In early May, Dye’s Valley at TPC Sawgrass received the first slot on a rescheduled Korn Ferry Tour — Luke List won the new Korn Ferry Challenge by a stroke on June 14 — but the club had served as a host of sorts for regular play throughout the early months of the COVID-19 pandemic: About 90 players from the PGA Tour, the Champions Tour, the Korn Ferry Tour and the PGA Tour Latinoamérica descended on TPC Sawgrass for informal two-day competitions every week from late March to early June. “I think it was pretty smart of them,” Plotts says.

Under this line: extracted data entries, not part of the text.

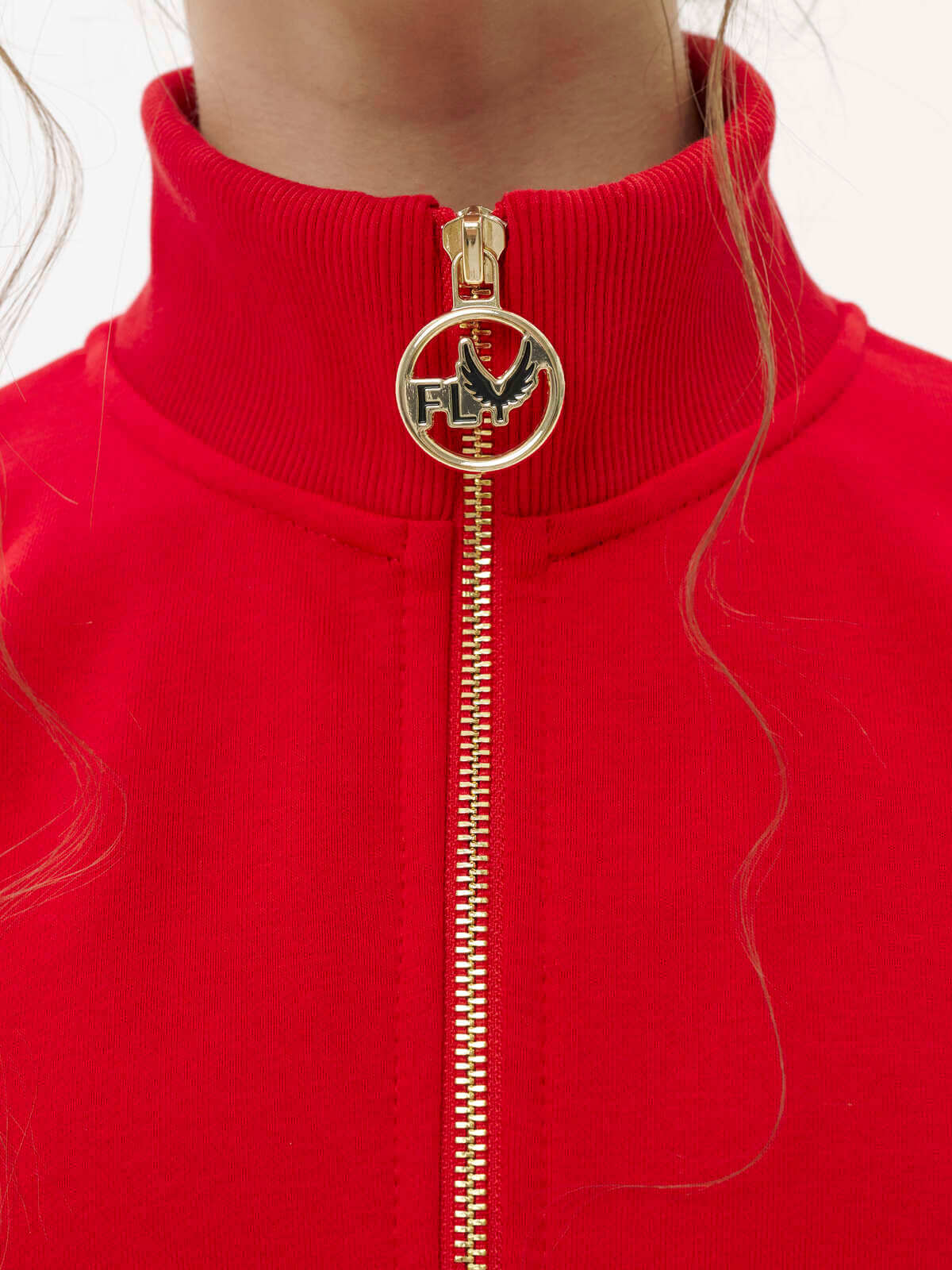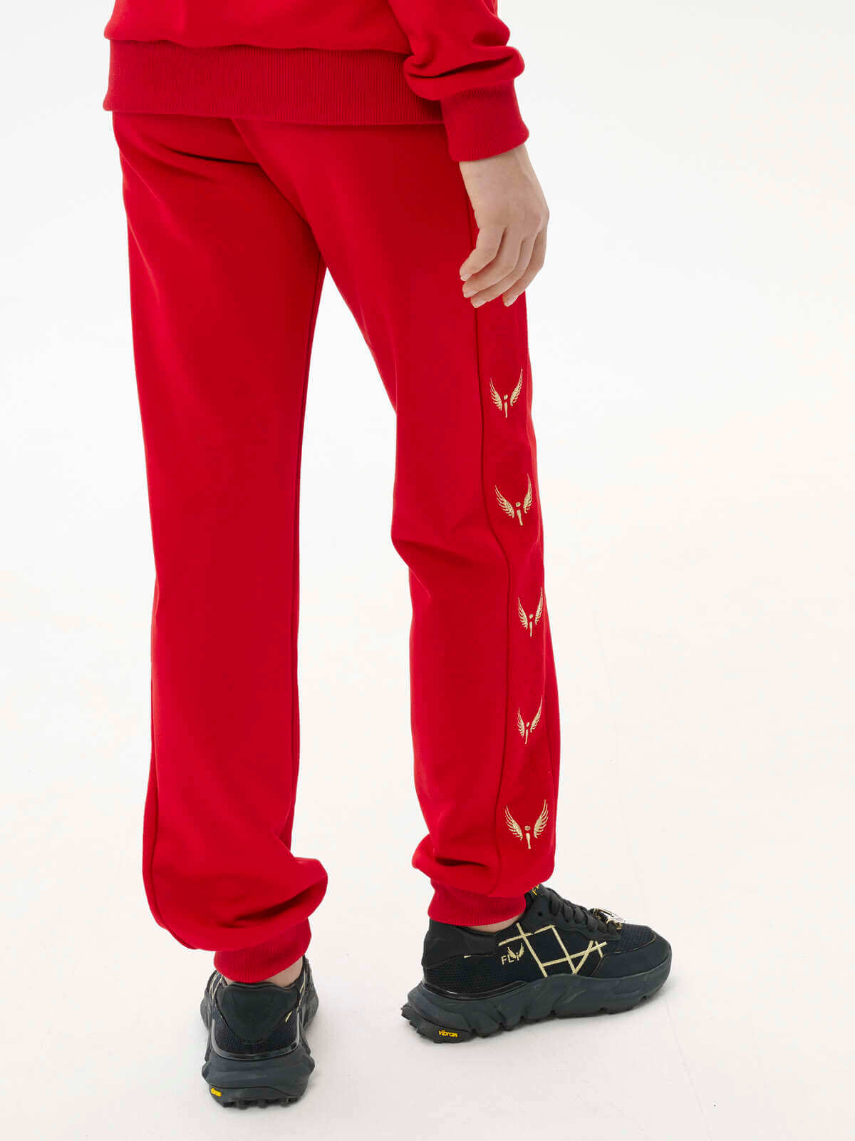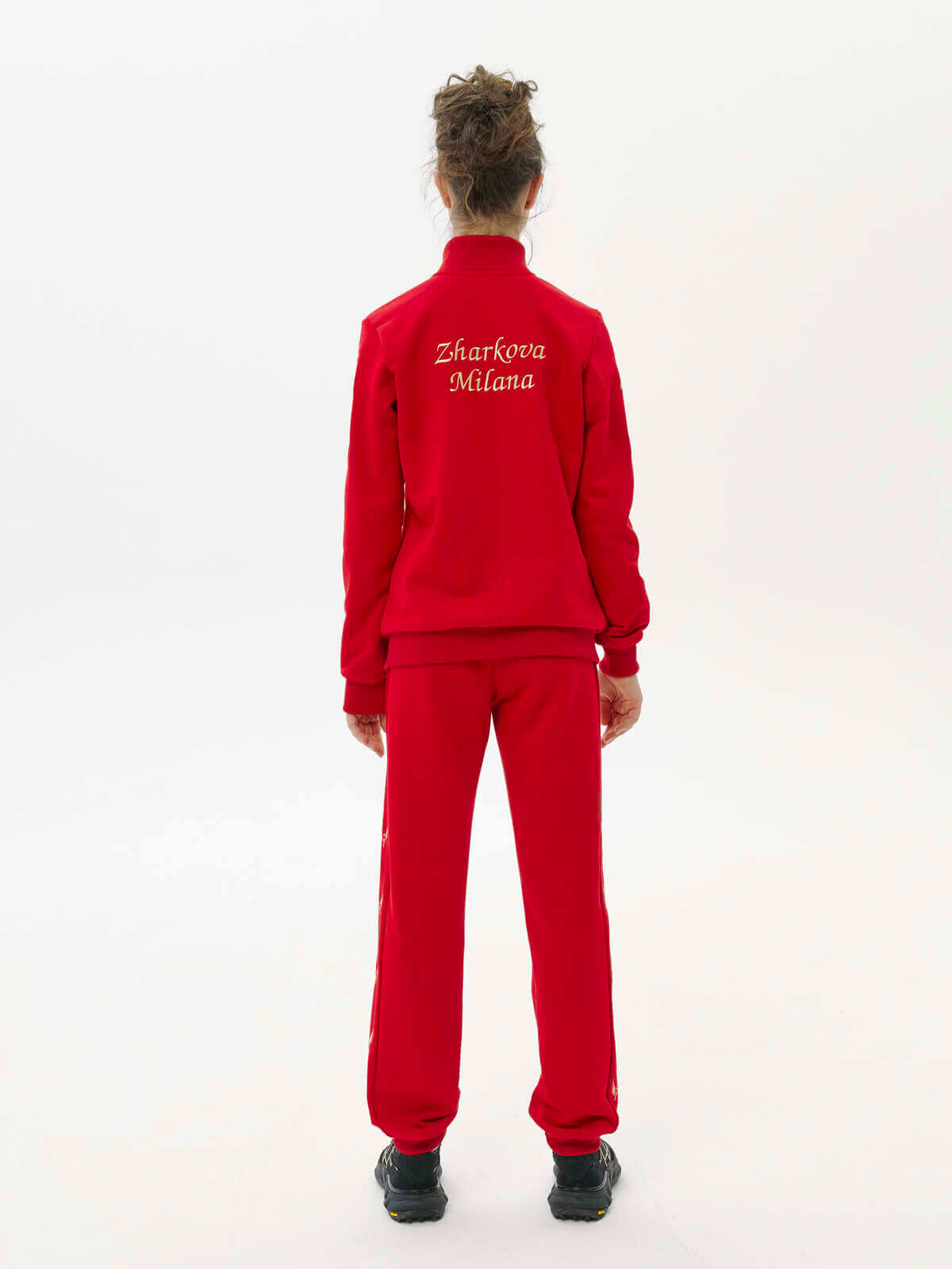 This red suit consists of trousers and a sweatshirt. The trousers have cuffs, side stripes with signature embroidery, side pockets, and an elastic waistband. The sweatshirt has a signature zipper at the front and pockets. Signature wing embroidery is featured on the sleeves. A first and last name can be embroidered on the chest or back.
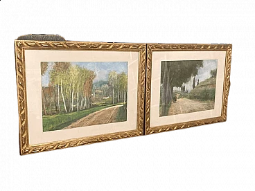 Antica coppia di dipinti dell' artista Pertice Menotti (1904–1966, Montopoli Val D’ Arno) raffiguranti alcuni sentieri di strade toscane, realizzate con la tecnica del pastello. Firmate in basso a destra 1937 Pertice Menotti. Ottimo stato conservazione, cornice dorata e vetro protettivo. Misure: 56 x 42 cm con cornice, 38 x 28 cm senza cornice. I due dipinti hanno solite dimensioni.
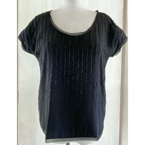 Gorgeous Women's Size Large Fully Lined in Silk Beaded Black Silk Short Sleeve Round Neck Pullover Top by EILEEN FISHER - Fabulous silk blouse for the Holiday Season
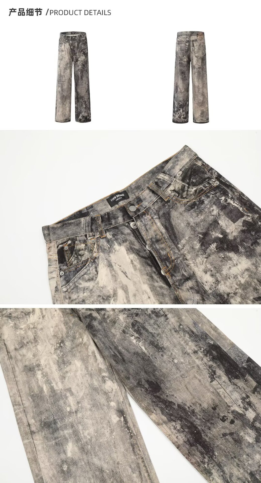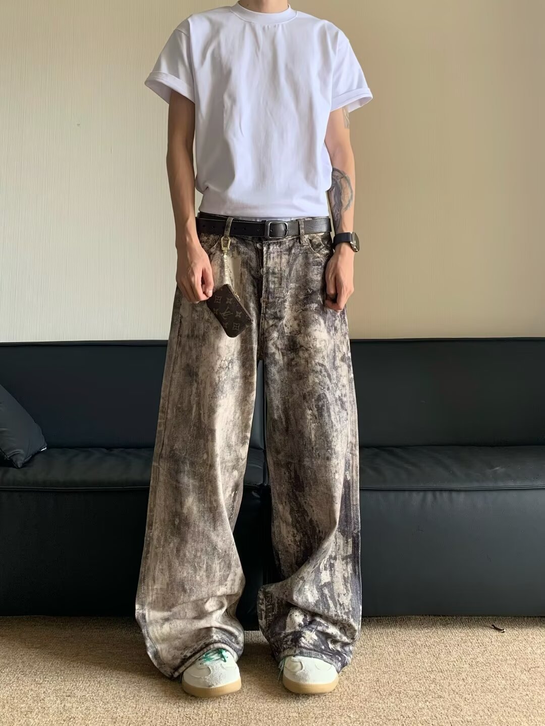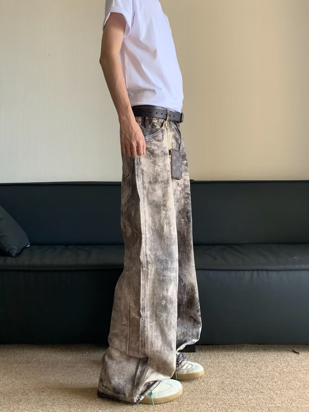하이 스트리트 트렌디 브랜드 위장 뱀 패턴 틈새 청바지 남자 봄과 여름 미국 트렌드 올 매치 느슨한 유행 바지
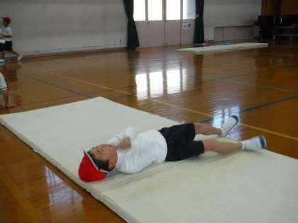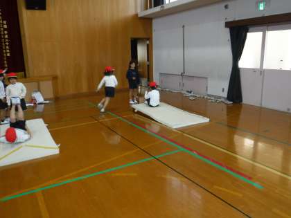 今日は「マット遊び」最後の授業でした。最初,それぞれの場で練習した後,担任の先生に見てもらいうまくできたらシールをはってもらいました。
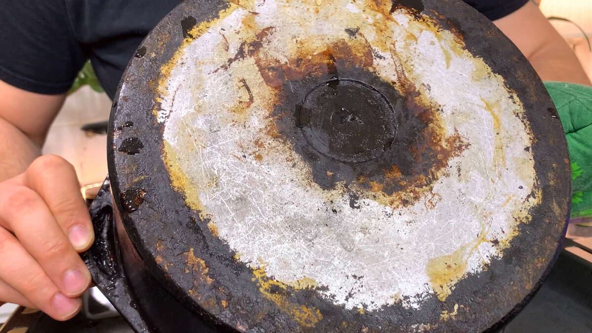 "Уксус и таблетка от посудомойки" проверили интересный совет на старом казане с огромным слоем нагара и жира. Делюсь результатом
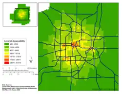 The gravity-based measure developed by Hansen (1959) is still the most widely used general method for measuring accessibility, although it is complex in calculations and has some points of weaknesses. The Figure shows the Twin Cities metropolitan region with the gravity-based accessibility measured to jobs in the region (following equation 3b). The accessibility levels are shown in shades of color. The unit of analysis used in developing this measure is the TAZs, while using the reciprocal of the square of travel time between each TAZ as the impedance function. The attractiveness of a TAZ is calculated based on the number of jobs reported by the LEHD dataset that was previously used in the previous figure. The reciprocal of travel time squared, a common and widely used impedance function, is used as the impedance value when calculating this measure of accessibility.
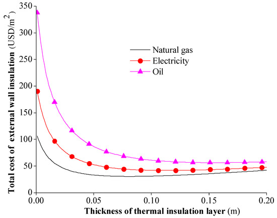 The cooling and heating source type had significant influences on the economic performance of external wall insulation in buildings. Because energy efficiency ratios and energy prices of different types of cooling and heating sources are different, the economic performance of external wall insulation is different for different types of cooling and heating sources. Electricity, oil, and natural gas are three popular types of cooling and heating sources in buildings. The indoor air temperature is maintained in summer by air conditioners with an energy efficiency ratio of 3.6. Electricity, oil, and natural gas are considered in winter to investigate the effects of the cooling and heating source type on the economic performance of external wall insulation. The air conditioner, natural gas boiler, and oil boiler were assumed to be 3.6, 0.93, and 0.85 in winter, respectively. Because EPS had the best economic performance, EPS was used as a case study in this study. Figure 5 shows the variation in the total cost of EPS for different heating and cooling source types. The maximum values of the total cost of external wall insulation occurred when the external wall had no insulation. The minimum values of the total cost of external wall insulation occurred when the insulation layer thickness was optimal. The minimum values of the total cost of external wall insulation for electricity, oil, and natural gas were 41.7 USD/m2, 56.4 USD/m2, and 30.6 USD/m2, respectively. The ranking of the total cost of external wall insulation for three types of cooling and heating sources is natural gas < electricity < oil. The optimal insulation layer thicknesses for electricity, oil, and natural gas were 0.113 m, 0.155 m, and 0.081 m, respectively. Natural gas had the best economic performance of cooling and heating source type. The largest variation in the total cost of external wall insulation for different types of cooling and heating sources (25.8 USD/m2) was higher than that (8.1 USD/m2) for different types of insulation in the building’s external walls. There are certain differences among the minimum values of total cost for different types of cooling and heating sources. Additionally, there are certain differences among the optimum insulation thicknesses for different types of cooling and heating sources. Thus, the cooling and heating source type should be considered when determining the optimum insulation layer thicknesses for a building’s external walls.
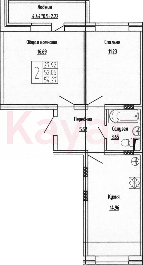 Продажа 2-комн. квартиры, 52.05 кв.м
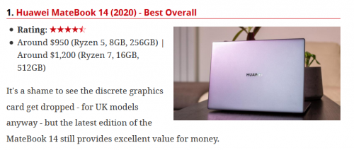 最后,Dominic Preston在总结中提到,在2020年MateBook 14锐龙版中,华为再一次超越期待——设计精巧,时尚,简洁,并配有出色的显示屏和丰富端口,以及强劲的续航表现,这款足以称为“全能”的产品,无愧为本次横评的冠军,荣获“Best Overall”的称号。
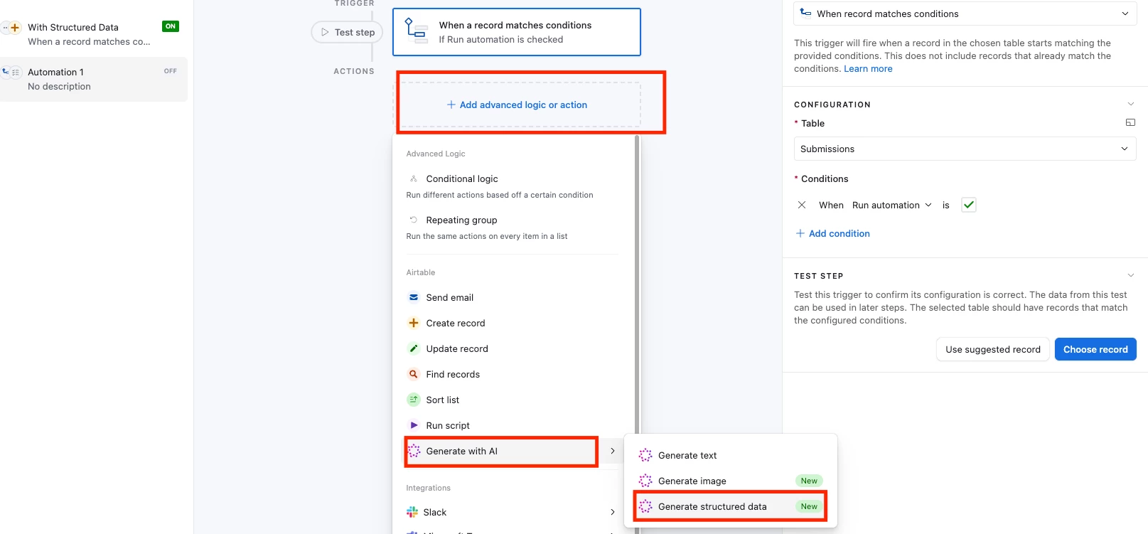 2. Add a ‘Generate structured data’ step by clicking ‘Add advanced logic or action’, hovering over ‘Generate with AI’ and then selecting it
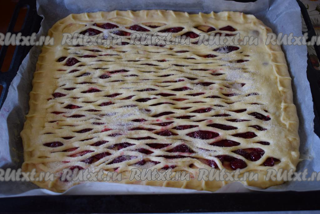 Накрываем сеточкой нашу начинку и скрепляем края пирога.

TPC Sawgrass never closed, Plotts says, and the club was able to avoid furloughing any crew members in part by not filling internships after the last round of interns headed home. Like many clubs across the country, the rest of the year was strong.

And now, with the 2021 Players scheduled to tee off March 11, emotions are in full swing. Plotts and Andrews are leading the crew again. Ten volunteers from last year are among the 75 working on the course this week. Television cameras are ready to capture every blade of grass.

“The closer you get to perfection, the more finite the details that you have to look at are,” Andrew says. “I’m really, really, really proud of the team. We really pulled together this year and the guys that didn’t get to finish the tournament last year, they’ve been working with a chip on their shoulder to get it done. This has been really good for us as a team and I think it’s a really good step in the right direction for us moving forward. I’m excited for the new standards.

“We’re just looking forward to getting this one in the books and putting our focus on ’22.”

Matt LaWell is Golf Course Industry’s managing editor.